Illumina Sequencing Chemistry

  • Incorporate labeled nucleotide.
  • Detect signal.
  • Deblock 3' end.
  • Cleave fluorophore.

Illumina Sequencing - Multiple Cycles

  1. After laser excitation, collect the image data as before. Record the identity of the second base for each cluster.
  2. Repeat cycles of sequencing to determine the sequence of bases in a given fragment, a single base at a time.

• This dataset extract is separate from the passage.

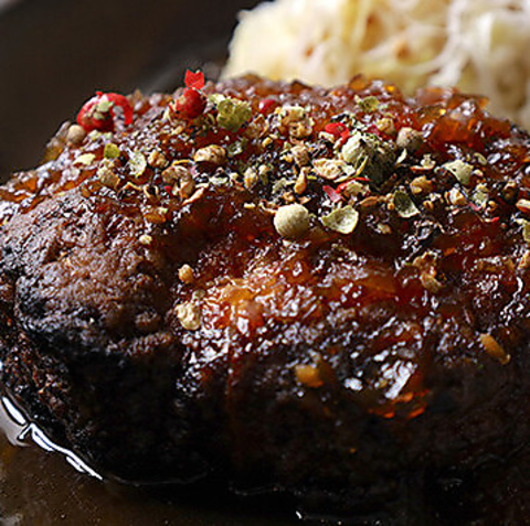黒毛和牛と新鮮な国産豚の合い挽き肉を使用し、旨味を凝縮させた自家製ハンバーグ。炭焼きでじっくりと焼き上げ、香ばしさをプラス!甘じょっぱい特製ソースが見事に調和した極上の食感は、居心地の良いおしゃれ空間で老若男女問わず楽しめる逸品です。

Ultrahigh-Throughput DNA Sequencing

  • 2008 - New generation DNA sequencing methods.
  • 1800 GB pairs of sequence can be determined in a single experiment.

Long-Read Sequencing

  • Long reads – Over 2 Mb
  • Direct RNA sequence
  • Error rate high
  • MinION 500 pores
  • PromethION – 3000 pores, up to 4 Tb in 2 days.

Bioinformatics

  • Bioinformatics provides tools for visualizing functional features of genomes.
  • Bioinformatics is the science of using computational tools to decipher biological information.
  • 1988 – National Center for Biotechnology Information (NCBI) established.
    • Oversees GenBank
    • Created additional public databases of biological information
    • Developed bioinformatic tools for analyzing, systemizing, and disseminating the data

Tools for Global Analysis of Gene Expression

  • RNA-sequencing (RNA-seq)
    • Determines whether a gene is transcribed and how much RNA is present corresponding to each gene.
    • Used for basic research to understand gene regulation and applied biomedical research to identify genes that are misregulated in tissues/individuals with diseases and in specific mutants.
    • Transcriptome: The set of all RNA molecules that are transcribed in a cell, tissue, or organ.

RNA Sequencing (RNA-seq)

  • RNA-Seq is a newer method to identify expressed genes and their level of expression.
  • It has several important applications in comparing transcriptomes - the set of all RNA molecules, including mRNAs and non-coding RNAs, that are transcribed in one cell or a population of cells.
  • RNA-Seq is used to compare transcription in:
    • Different cell types
    • Healthy vs. diseased cells
    • Different stages of development
    • Response to different environmental agents such as hormones or toxic chemicals

RNA Sequencing (RNA-seq) Process

  1. Isolate RNA from a sample of cells. May focus on a subpopulation of RNA, such as mRNAs or short non-coding RNAs.
  2. Break the RNAs into small fragments.
  3. Attach short oligonucleotide linkers to the ends of the RNAs.
  4. Synthesize cDNAs via reverse transcriptase PCR, using the RNAs as templates. The PCR primers are complementary to the linkers.
  5. Sequence the cDNAs using a next-generation sequencing technology.
  6. Using computer technology, align the cDNA sequences along the genomic sequence.

RNA-Seq Advantages

  • More accurate at quantifying the amount of each RNA transcript.
  • Superior at detecting RNA transcripts that are in low abundance.
  • Identifies the exact boundaries between exons and introns; identifies new splice variants.
  • Identifies the 5’ and 3’ ends of RNA transcripts.